You will need to keep your feature development environments synchronized with the upstream branch. Since you are using fixed releases, I would recommend having a stable master branch, a develop branch that is "version next", and various feature branches that are merged into develop when the feature is complete and tested. If develop has new changes, those would need to be incorporated into all feature branches still under development. You could take an approach like git flow with release branches or you could take other approaches with master being your release branch.

If you find that "unversioned code using git branches is hard to manage and prone to bugs", I would suggest that there are other problems going on and those are what you should solve, and not trying to develop a convoluted system of versioning and removing changes.

I've written a more extensive answer on where QA testing should happen in the git flow branching model. If you had unlimited time and resources, the answer is that QA should do work in multiple branches. In order to test a feature in isolation in otherwise known good software, the feature branch is the best place. However, in reality, most of the testing will likely happen in the develop branch as well as on release branches (if you're using them). It's up to the whole team to ensure quality going in.

Having automated tests will go a long way, especially with regard to regression testing. If you have a stable develop branch with passing tests (and those tests are of decent quality) and tests fail on a feature branch, you know that you either have out-of-date tests or have introduced a regression. Having people focus their efforts on exploratory testing and identification of new, interesting test cases for automation will go a long way. You'll find that manual testing doesn't scale. If it takes you 2-3 days to perform regression testing over N features/functionality now, what happens when you have 2N features/functionality implemented? You shouldn't fully replace manual testing, but you also shouldn't rely on it.

I'll also add that having an x.y.3 version that has removed functionality from x.y.2 is unusual.

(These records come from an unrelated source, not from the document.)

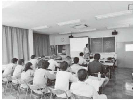
座学による講義の様子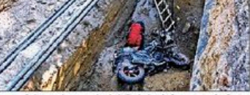
जनकपुरी में DJB के एक खुले गड्ढे में निरने से गढ़ी वी कमल ध्यानी की जमानत

NBT न्यूज, जनकपुरी नई दिल्ली पुलिस ने अखिबर 7 अखिल को कोर्ट में जमानत दाखिल कर दी।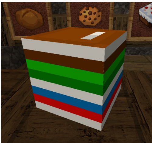
Einer der gesuchten Bücherstapel

Für jede richtige Antwort gibt es einen Deko-Bücherstapel frei Haus.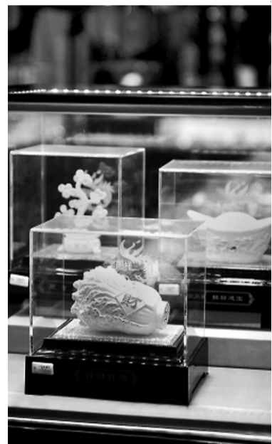
黄金产品持续热卖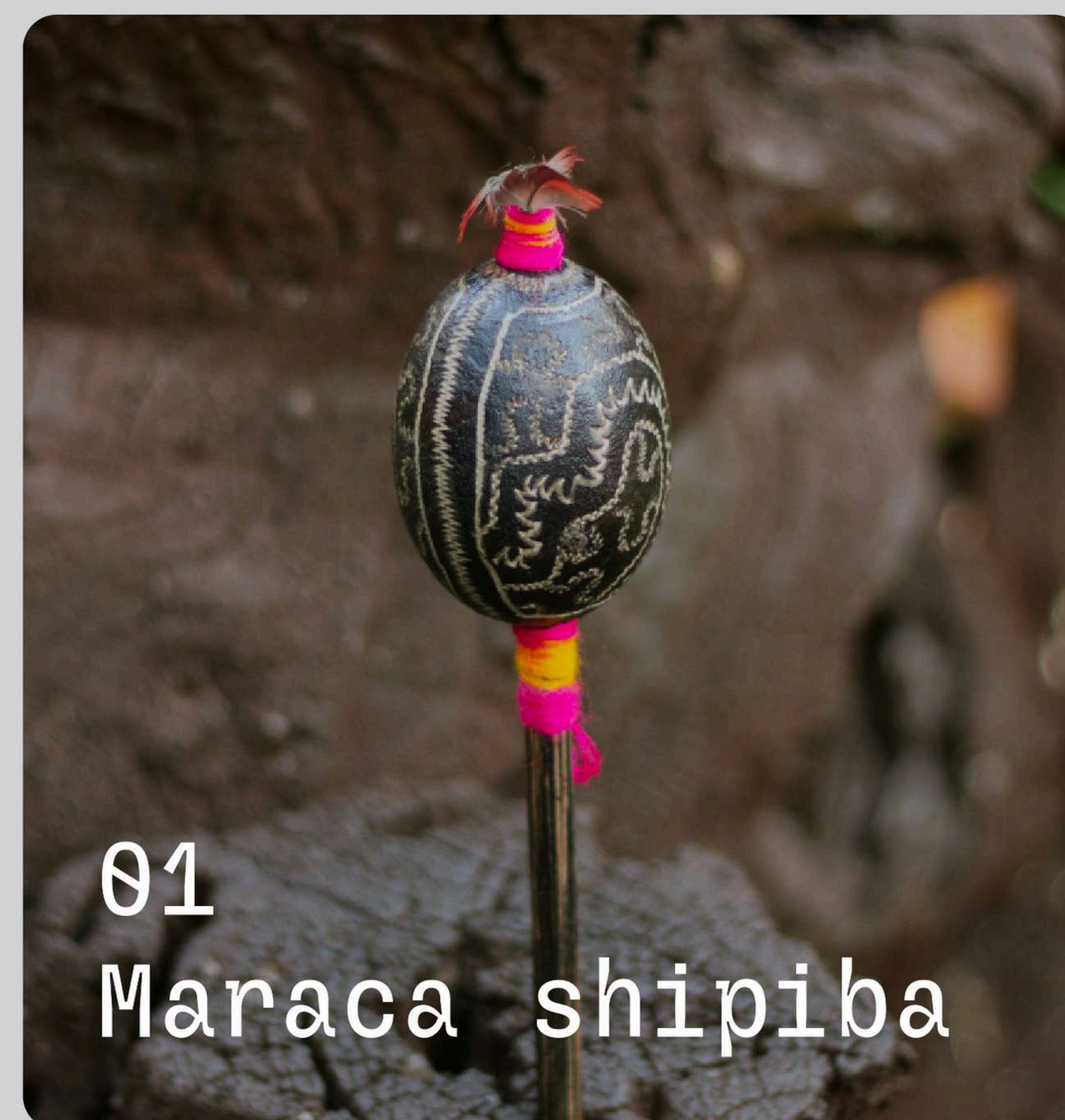
01 Maraca shipiba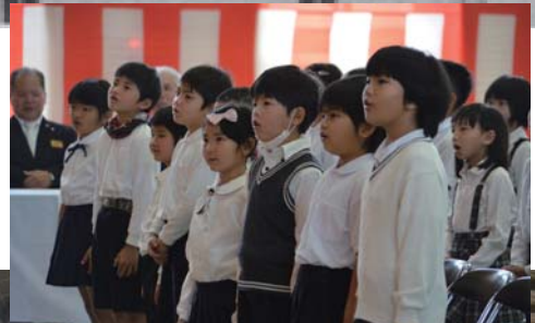
体育館中に響く校歌、圧巻です

  • I updated the question with more insights on our branching strategy. I do agree with you when you say there are other problems going on. In this context I think it will come down to, should the QA happen on develop branch or release branch or both?
    – tbking
    Commented May 19, 2020 at 10:34
  • @tbking I will take a look later on and edit this answer as necessary. I will ask, however - what do you mean by "QA"? Are you referring to manual testing, automated testing, or both? What is the scope of your automated test coverage?
    – Thomas Owens
    Commented May 19, 2020 at 10:44
  • By QA I mean manual testing mostly. The scope is to make sure the existing features have not broken, and the new features are working as expected. It usually is half a 2-3 days process. I imagine things will be lot easier if the testing is automated.
    – tbking
    Commented May 19, 2020 at 11:16
  • @tbking I think I've expanded on a few points that needed it. The short story is that if you want to have quality software, you'll need to move away from the reliance on manual regression and be able to run automated tests at the unit, integration, and system level and get feedback to developers faster than a 2-3 day manual regression cycle. Reliance on manual testing simply doesn't scale as your application and library grow in complexity. The problem isn't the branching model or versioning scheme, but having confidence that your new work isn't introducing regressions and is low in defects.
    – Thomas Owens
    Commented May 20, 2020 at 0:54

Make your build process smarter.

On a stream/feature build checkout the library on the same stream/feature and build it, locally link it, and then build the main project. If the Library doesn't have a complementary stream/feature branch then use the release version of the library.

In fact this should be part of your build script. So that developers get this for free when building locally.

When the stream is ready to go to release, merge the code into the mainline. Building from the mainline uses the released version of the library.